With billions of dollars pledged and trillions of dollars demanded to redress slavery and Jim Crow (“Black Reparations”) the question of how best to use these funds has moved into the forefront of the ongoing campaign for racial justice in our post-civil rights society. Reparatory strategies typically target the norms and structures that sustain racial disadvantage wrought by slavery and Jim Crow. The goal of such transitional reparations is to extinguish the menace of white supremacy and systemic racism across the board. Restructuring in housing, education, employment, voting, law enforcement, health care, and the environment—social transformation—is absolutely needed in the United States if the race problem is ever to be resolved. That much is clear beyond peradventure. The hard question, however, is whether Black Reparations can take us there. Are Black Reparations (or reparations in general) powerful enough to engineer social transformation, or what in this case would be “transitional racial justice”? Unfortunately, I do not believe they can. The American race problem is simply too big for reparations to fix. It would take decades of massive amounts of government spending and the sustained moral commitment of the American people to achieve transitional racial justice in this country. The inflationary impact of the requisite spending (estimated at $6.4 trillion to $59.2 trillion) would give opponents of reparations an easy target. Moreover, transitional reparations have rarely been attempted in other countries and when tried it has never succeeded to my knowledge. South Africa attempted to use reparations for social transformation. While there has been a transformation of political power, giving Black South Africans a strong voice in the government, economic power remains in the hands of White South Africans and racial discrimination in housing and education continues. Although at one time I was among scholars who had hoped Black Reparations could deliver a much-needed Third Reconstruction, I would be remiss as a passionate supporter of Black Reparations for many decades to ignore the cold facts—reparations have never successfully reconstructed a society.

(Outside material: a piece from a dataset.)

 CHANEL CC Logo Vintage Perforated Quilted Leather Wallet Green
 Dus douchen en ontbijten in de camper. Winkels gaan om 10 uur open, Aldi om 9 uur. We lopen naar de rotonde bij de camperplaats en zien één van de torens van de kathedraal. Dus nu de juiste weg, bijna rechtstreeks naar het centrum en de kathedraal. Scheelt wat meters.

 But the perfect should not be the enemy of the good. While Black Reparations may not be sufficient for transitional racial justice, they can still play an important role in moving toward that goal. This Article attempts to show one way of doing so. It argues that the initial payment of Black Reparations should take the shape of an education reparation. Education can, as it has in the past with Brown v. Board of Education, provide a foundation for significant racial progress. The type of education reparation broached in this Article gives African American (or Black American) parents or guardians a unique choice for educating their children—Black Boarding Academies (BBAs). Kick started with public reparations, BBAs would begin with PK-3 low-income Black children, giving special attention to those at risk of falling into the dreadful foster care system, and would expand to accommodate other classes of Black students once financially stable with post-reparations funding. Like most public boarding schools, BBAs will have to be sustained with both public and private funds. Fortunately, there is a wide range of available sources. Historically, boarding schools have a poor reputation in educating children of color, especially Indigenous Americans. The few primary and secondary schools that board Black students have not experienced such problems. Neither have Historically Black Colleges and Universities (HBCUs) at the postsecondary education level. Following in this rich tradition, BBAs will provide a safe and nurturing environment for Black students. Pedagogically, BBAs will prepare students not just to survive but to thrive. Students will be prepared to assume positions of leadership in our society whether they go directly into the job market or matriculate at HBCUs or predominantly white institutions. One of the most effective instructional models in the country for leadership-oriented teaching can be found in elite New England Prep Schools. They have been doing this for centuries. Using a modified version of their pedagogy—one self-consciously infused with a racial sensibility—BBAs will be able to extend the pipeline to leadership, normally available to upper-income and even middle-income African American students, to low-income African American students. Indeed, the latter are the most vulnerable descendants of the enslaved.